WORK REQUIRED: What you give back from the listing below should be an exact copy of the lines from the one with "期間①、期間②の期間中にスタ" down to the one with "PCZ新型重錘式破碎機(jī)技術(shù)參數(shù)", and it should contain no pictures.

EXERCISE DATA:
+ + +

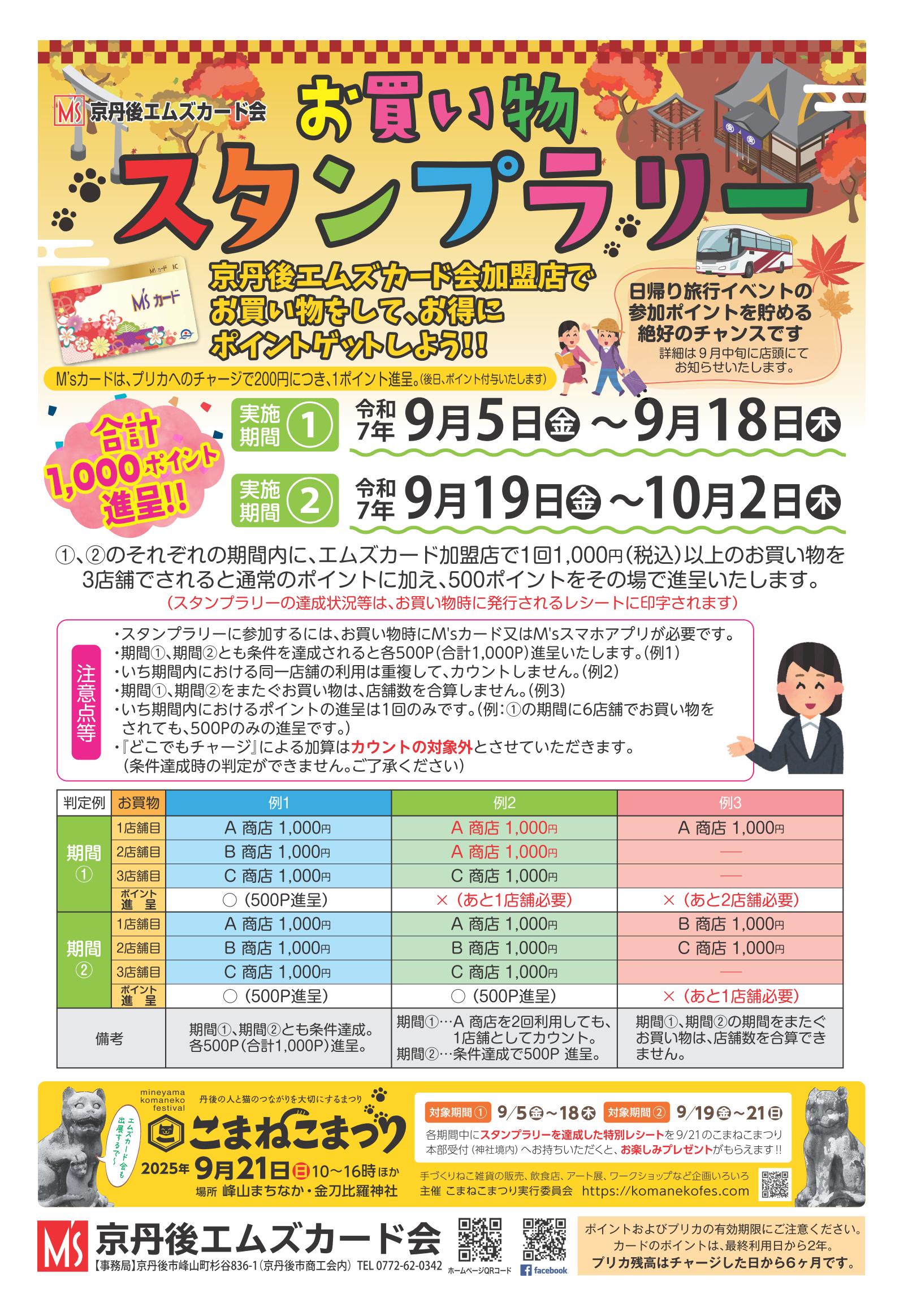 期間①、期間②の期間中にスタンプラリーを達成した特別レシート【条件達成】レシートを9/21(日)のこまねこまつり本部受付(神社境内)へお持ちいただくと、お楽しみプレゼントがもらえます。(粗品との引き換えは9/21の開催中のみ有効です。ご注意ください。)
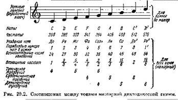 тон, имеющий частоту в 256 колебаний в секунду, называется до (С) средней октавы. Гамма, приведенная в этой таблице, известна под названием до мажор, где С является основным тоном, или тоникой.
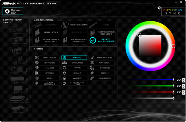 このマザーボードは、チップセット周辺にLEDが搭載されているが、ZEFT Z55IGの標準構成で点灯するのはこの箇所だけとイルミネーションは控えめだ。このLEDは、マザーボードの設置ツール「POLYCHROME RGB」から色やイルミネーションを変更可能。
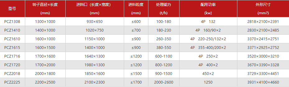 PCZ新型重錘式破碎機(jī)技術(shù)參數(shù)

+ + +

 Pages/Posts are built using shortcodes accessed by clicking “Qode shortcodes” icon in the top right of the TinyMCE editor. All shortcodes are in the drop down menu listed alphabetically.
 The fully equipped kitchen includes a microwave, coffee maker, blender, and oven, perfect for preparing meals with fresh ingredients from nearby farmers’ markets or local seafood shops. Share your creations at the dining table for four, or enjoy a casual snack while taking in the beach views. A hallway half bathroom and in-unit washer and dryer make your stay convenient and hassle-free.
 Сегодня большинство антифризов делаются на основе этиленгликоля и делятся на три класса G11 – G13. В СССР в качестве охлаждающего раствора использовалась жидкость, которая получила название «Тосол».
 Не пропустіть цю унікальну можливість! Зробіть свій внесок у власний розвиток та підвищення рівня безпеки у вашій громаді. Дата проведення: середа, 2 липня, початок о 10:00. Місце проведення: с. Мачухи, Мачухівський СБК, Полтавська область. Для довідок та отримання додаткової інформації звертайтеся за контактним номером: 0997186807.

+ + +

RESULT FOR THIS TASK:
 期間①、期間②の期間中にスタンプラリーを達成した特別レシート【条件達成】レシートを9/21(日)のこまねこまつり本部受付(神社境内)へお持ちいただくと、お楽しみプレゼントがもらえます。(粗品との引き換えは9/21の開催中のみ有効です。ご注意ください。)
 тон, имеющий частоту в 256 колебаний в секунду, называется до (С) средней октавы. Гамма, приведенная в этой таблице, известна под названием до мажор, где С является основным тоном, или тоникой.
 このマザーボードは、チップセット周辺にLEDが搭載されているが、ZEFT Z55IGの標準構成で点灯するのはこの箇所だけとイルミネーションは控えめだ。このLEDは、マザーボードの設置ツール「POLYCHROME RGB」から色やイルミネーションを変更可能。
 PCZ新型重錘式破碎機(jī)技術(shù)參數(shù)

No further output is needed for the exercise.